1.) Mouse preparation
1.1) Anesthetize mouse with lethal dose of appropriate pharmacological agent (e.g. Nembutal) to render amenable to surgical manipulation.
1.2) Perfuse transcardially with ice-cold Perfusion Buffer until mouse is exsanguinated.
2.) Skull preparation and brain removal
2.1.) Using large scissors, sever mouse head just above shoulders.
2.2.) Using angled dissection scissors, beginning at caudal aspect, carefully detatch skin and flesh from skull, working rostrally until all skin is removed.
2.3.) Sever eyes at the optic nerve and remove.
2.4.) Turn head over so that ventral aspect of the jaw is facing up. Slide angled dissection scissors through the oral cavity until you feel the resistance of the mandibular junction. Sever the large muscles connecting the lower jaw to the skull; remove.
2.5.) Using angled dissection scissors, remove the lower orbits on each side of the skull (the squamosae, zygomatic and maxillae).
2.6.) Working quickly, use scissors to all clean flesh from all aspects of skull.
2.7.) With large scissors, remove the nasal bone with a coronal cut along the suture that defines its most caudal point, thus preserving the olfactory lobes.
2.87.) With the tips of the angled dissection scissors, carefully cut shallowly around the skull, being careful to leave the brain within undamaged. Begin and end superior to the external acoustic meatus (the “earholes”).
2.9.) Remove the lower portion of the skull; discard. Scoop the brain out of the upper half of the skull, and place both brain and skull-cap in a 50 mL falcon tube with 10 mL ice-cold FACS buffer (or suitable cell culture medium, e.g. DMEM-10, RPMI 1640).
3.) Removal of meninges
3.1.) Place brain and skull-cap, with medium, in petri dish under a dissecting microscope. With a scalpel, separate brainstem/cerebellum from cerebrum.
3.2.) Hemisect the cerebrum with scalpel along the longitudinal fissure. Working from medial to lateral, peel meninges (pia and arachnoid mater) from the surface of the brain.
Pay special attention to the ventral aspect of the brain, as it is a rich source of meningeal tissue. Choroid plexus epithelium and associated leukocytes also lie within the lateral and third ventricles, and can be removed easily if so desired. When the cerebral hemispheres are fully stripped of meninges and choroid plexus, remove from the petri dish, leaving dissected material in the medium.
3.2.) Separate the cerebellum from the brainstem; the space between houses the fourth ventricle, another source of meningeal tissue. The ventral aspect of the brainstem can generally be peeled off in a single section. The dorsal cerebellar meninges must be removed piecewise, as with the cerebral meninges.
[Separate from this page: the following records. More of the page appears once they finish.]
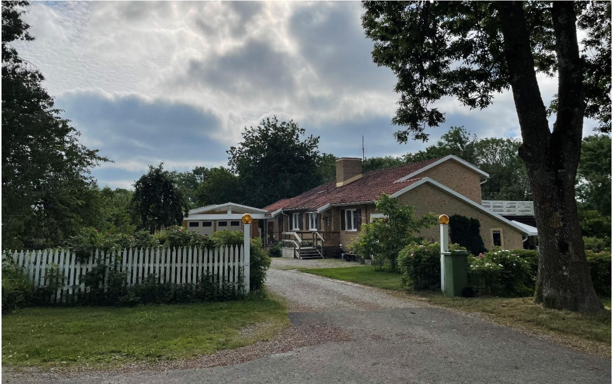
Före detta lärarbostad från 1954.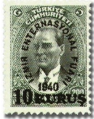
Resim 85. 1940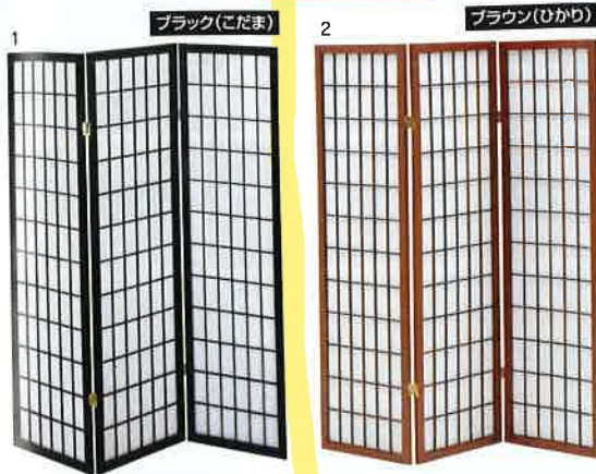
1-2 1350和風衝立3連 W1350×D20×H1500

When the cerebellum and brainstem are fully stripped of meninges and choroid plexus, remove from the petri dish, leaving dissected material in the medium.
3.3.) Beginning at the rostral-most interior point of the skull-cap, carefully score meninges with the tip of a Dumont #5 forceps, moving along the edge of the interior of the skull-cap until meninges (dura and arachnoid mater) are scored 360º. If meninges have been completely scored, they can then be peeled whole from the inside of the skull. Remove skull from media and discard
4.) Single cell suspension
4.1.) Place a nylon cell screen (70 μm) atop a 50 mL Falcon tube in ice. Pipette dissected tissue and media directly onto screen. With the wide tip a plastic plunger (from a 1 ml syringe), gently but firmly press meningeal tissue with a circular motion (~40x) through the screen. Connective tissue will not pass through the screen well and will remain; lymphocytes, any glial cells or neurons, and debris will pass through. Do not mash too quickly or heat will be generated by friction of the plunger against the screen. With a clean pipette, pass 20 mL additional media through the screen while continuing to mash with plunger; this will dislodge any cells caught in the screen.
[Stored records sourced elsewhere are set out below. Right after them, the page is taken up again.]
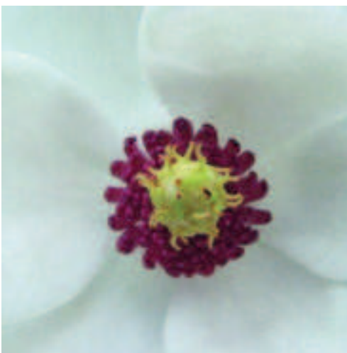
Abb. 16 (oben): Magnolia kobus .

Die aus Japan stammende Stern-Magnolie ist ein häufig gepflanztes Blütensolitär mitteleuropäischer Gärten. Sie ist ein recht langsamwüchsiger Strauch, der erst nach Jahren Höhen von 3–4 (–5) m erreicht. Die Triebe und besonders die Blütenknospen sind dicht silbrig behaart. Die 5–15 cm langen und 3–5 cm breiten, schmalen, verkehrt-eiförmigen Blätter sind oberseits dunkelgrün und unterseits heller und nur gelegentlich leicht behaart. Die etwa 10–15 cm breiten,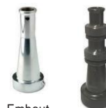
Embout Style 0489 Style 2420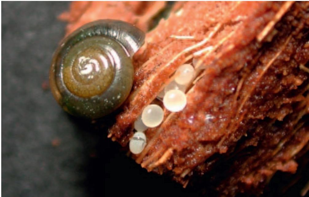
Figuur 1.2: Eieren van de glimslak Zonitoides arboreus.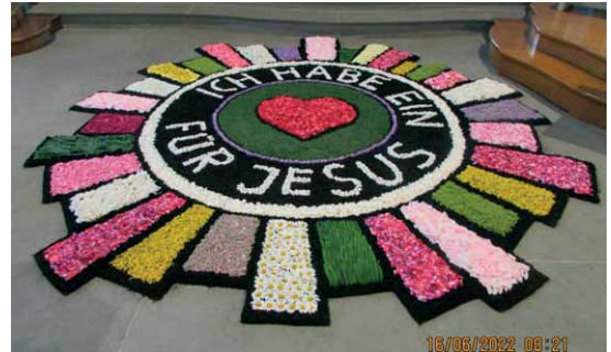
Blumenteppich in St. Jakobus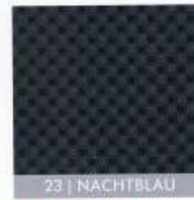
23 | NACHTBLAU

4.2.) Centrifuge at 300 RCF for 10 m at 4ºC. Decant supernatant and resuspend in desired medium for downstream applications. Triturate gently to break up pellet. Yield should be 5X105 viable nucleated cells including T lymphocytes, myeloid cells, and granulocytes per meninges, with 10% purity for leukocytes (CD45-high cells). Non-leukocytes can be easily gated out in FACS by scatter properties and/or negativity for CD45-high labeling and a viability dye; further purity for cell culture can be achieved by benchtop (e.g. magnetic columns) or flow cytometric sorting or by ficoll paque gradient. However, we routinely label crude preparations with excellent success–CD45 and live/dead labeling is sufficient to gate out unwanted debris and ensures that as few cells are lost between dissection and analysis as possible.